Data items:

=== Begin Enclosure ===

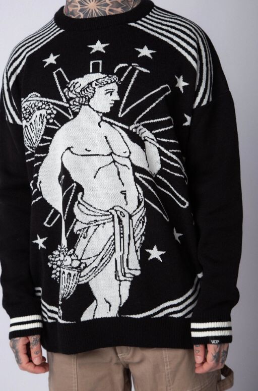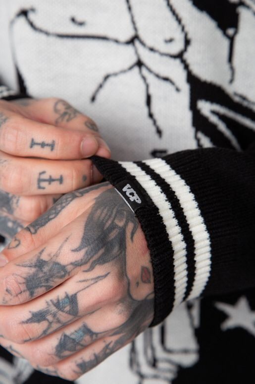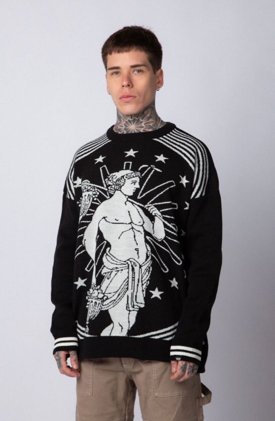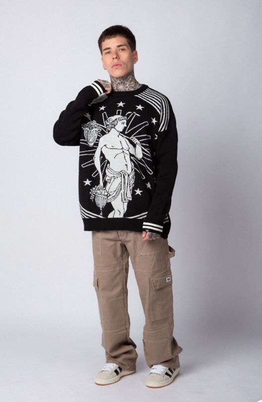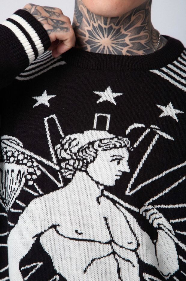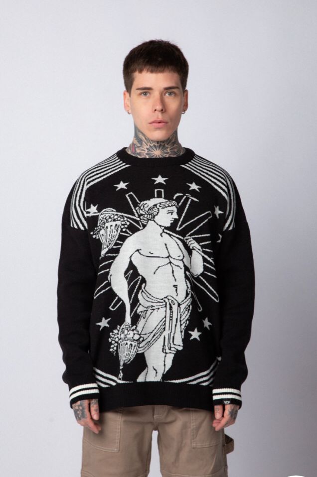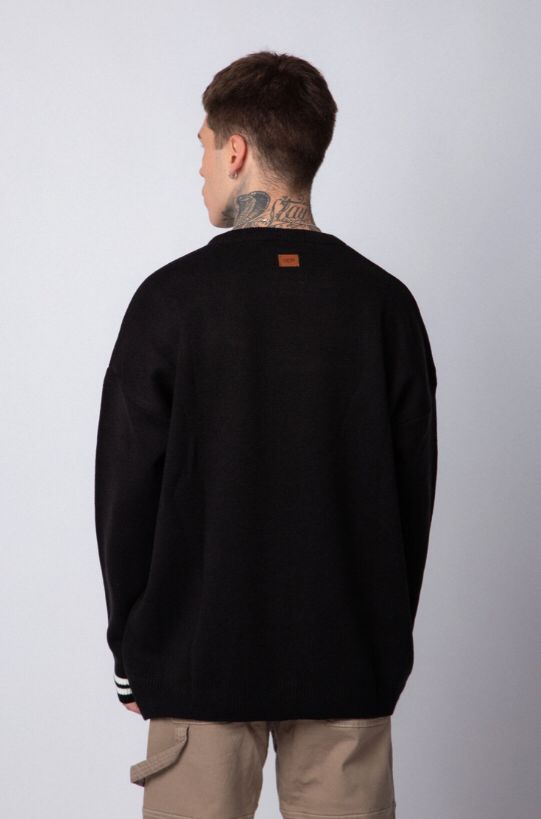 Sweater cuello redondo- tela hilo. Tejido grueso. Corte oversize. Con motivo.
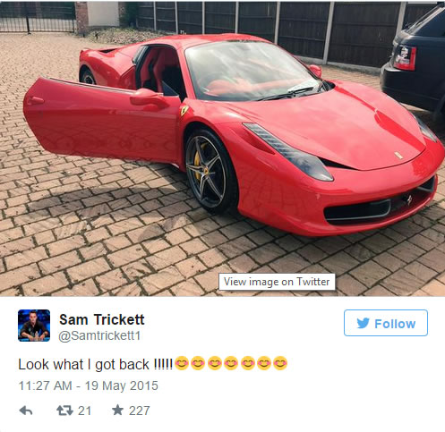 No hace mucho Sam Trickett había hecho público el accidente sufrido al volante de su Ferrari, que aunque no le trajo ningúna lesión, le dejó el auto en un estado más que deplorable. Fanático de los autos y con ganancias millonarias en su historial de juego (incluidos un 2do lugar en el Big One for One Drop 2012), se pudo permitir esto gustos:
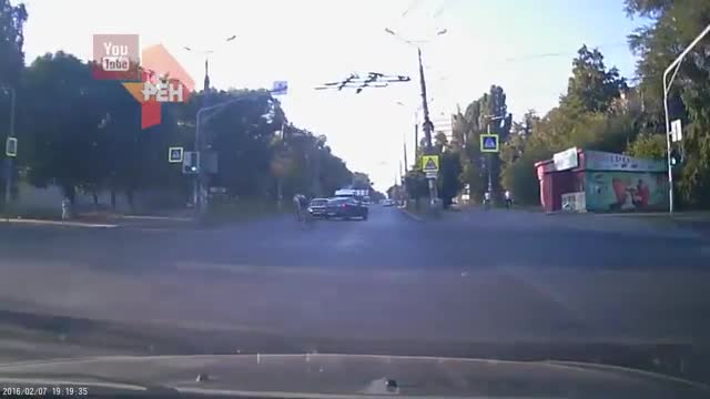 Видеорегистратор одного из водителей запечатлел момент ДТП с участием автомобиля Mazda. На кадрах видно, как водитель, собиравшийся проскочить на "зеленый", в последний момент успевает объехать велосипедиста, однако затем врезается в столб.
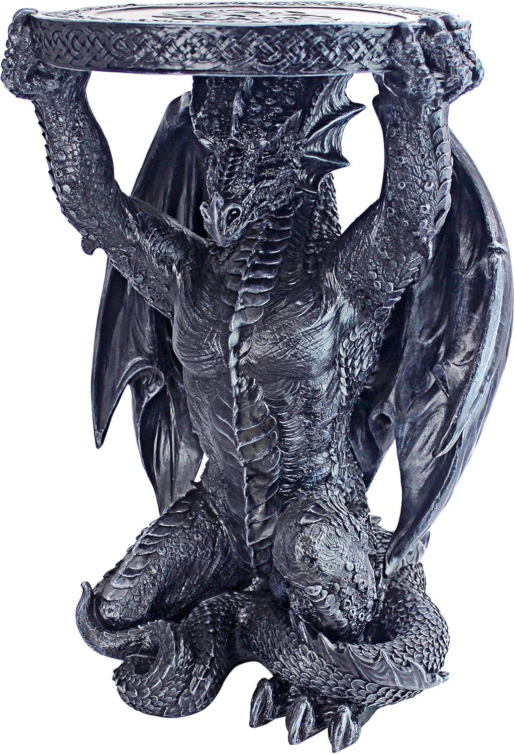 Design Toscano The Gothic Dragon of Netherley Boggs Sculptural Side Table, 14.5 in x 13.5 in x 20.5 in, Greystone Finish
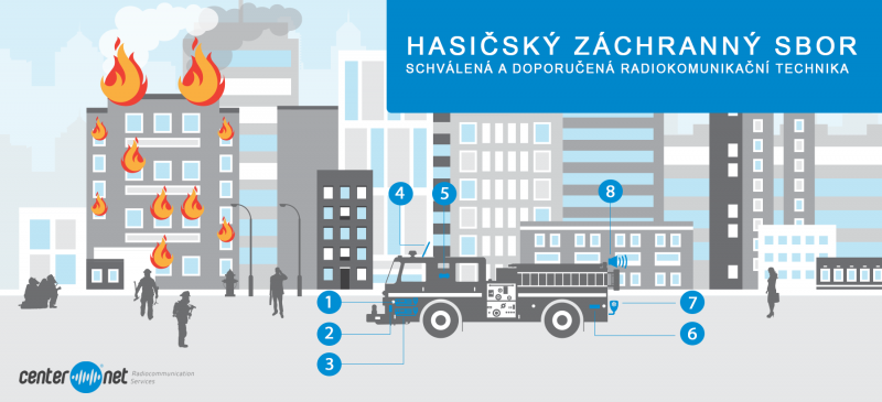 Vozy hasičských záchranných sborů jsou vybaveny celou řadou speciální techniky. K důležitému vybavení každého vozidla hasičského záchranného sboru nepochybně patří i komunikační technika. Do hasičských vozidel jsou instalovány radiostanice, které se využívají pro komunikaci s hlavním dispečinkem, ale také pro komunikaci při zásahu mezi jednotlivými hasiči. Níže můžete vidět několik schválených a doporučených radiokomunikačních komponentů, které se ve většině případů do vozů hasičských záchranných sborů instalují.
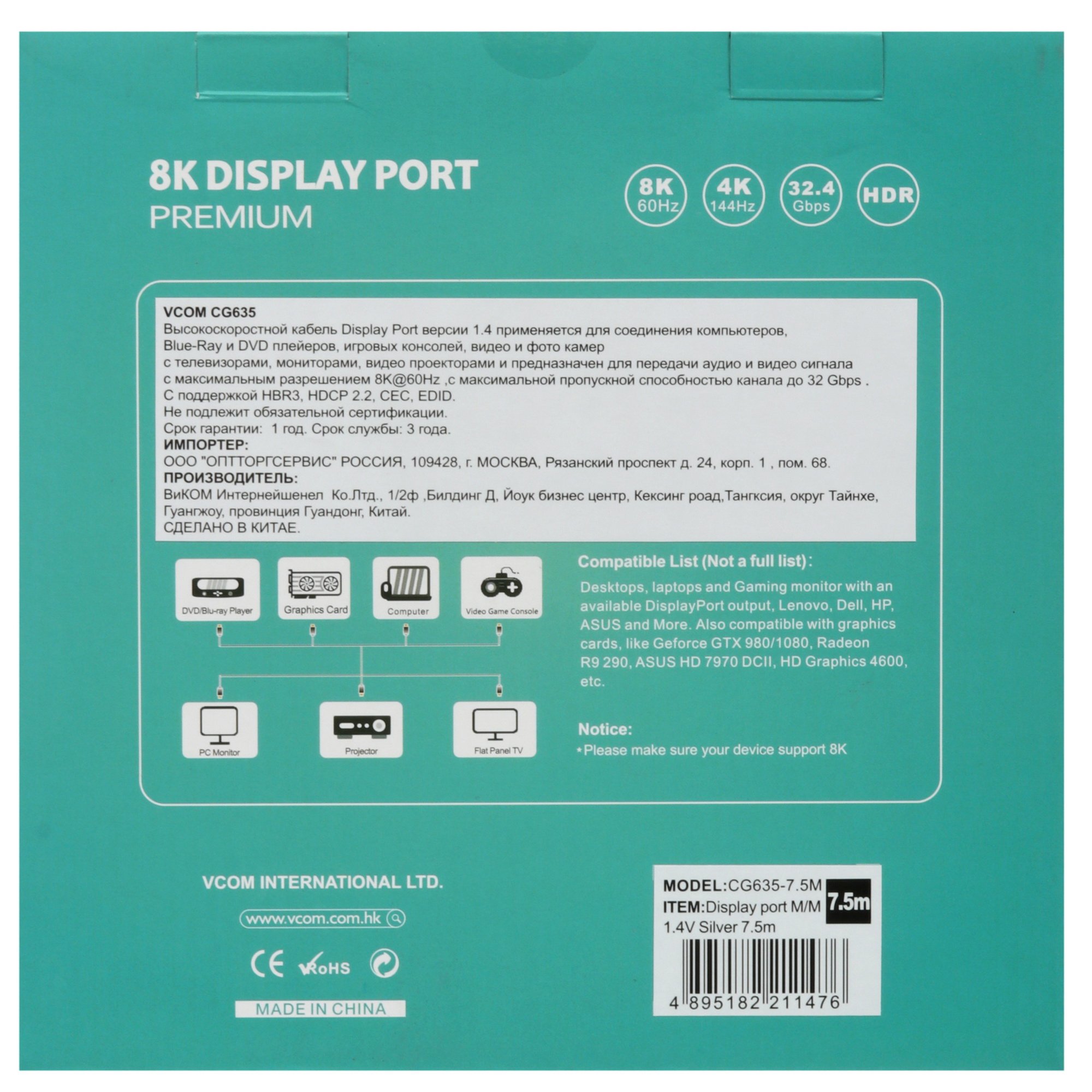 Кабель соединительный DISPLAY PORT v1.4, 8K@60Hz, 7.5m, медь, VCOM CG635-7.5M

=== End Enclosure ===

Your goal: Copy every entry exactly, leaving out the pictures.

Solution for this problem:
 Sweater cuello redondo- tela hilo. Tejido grueso. Corte oversize. Con motivo.
 No hace mucho Sam Trickett había hecho público el accidente sufrido al volante de su Ferrari, que aunque no le trajo ningúna lesión, le dejó el auto en un estado más que deplorable. Fanático de los autos y con ganancias millonarias en su historial de juego (incluidos un 2do lugar en el Big One for One Drop 2012), se pudo permitir esto gustos:
 Видеорегистратор одного из водителей запечатлел момент ДТП с участием автомобиля Mazda. На кадрах видно, как водитель, собиравшийся проскочить на "зеленый", в последний момент успевает объехать велосипедиста, однако затем врезается в столб.
 Design Toscano The Gothic Dragon of Netherley Boggs Sculptural Side Table, 14.5 in x 13.5 in x 20.5 in, Greystone Finish
 Vozy hasičských záchranných sborů jsou vybaveny celou řadou speciální techniky. K důležitému vybavení každého vozidla hasičského záchranného sboru nepochybně patří i komunikační technika. Do hasičských vozidel jsou instalovány radiostanice, které se využívají pro komunikaci s hlavním dispečinkem, ale také pro komunikaci při zásahu mezi jednotlivými hasiči. Níže můžete vidět několik schválených a doporučených radiokomunikačních komponentů, které se ve většině případů do vozů hasičských záchranných sborů instalují.
 Кабель соединительный DISPLAY PORT v1.4, 8K@60Hz, 7.5m, медь, VCOM CG635-7.5M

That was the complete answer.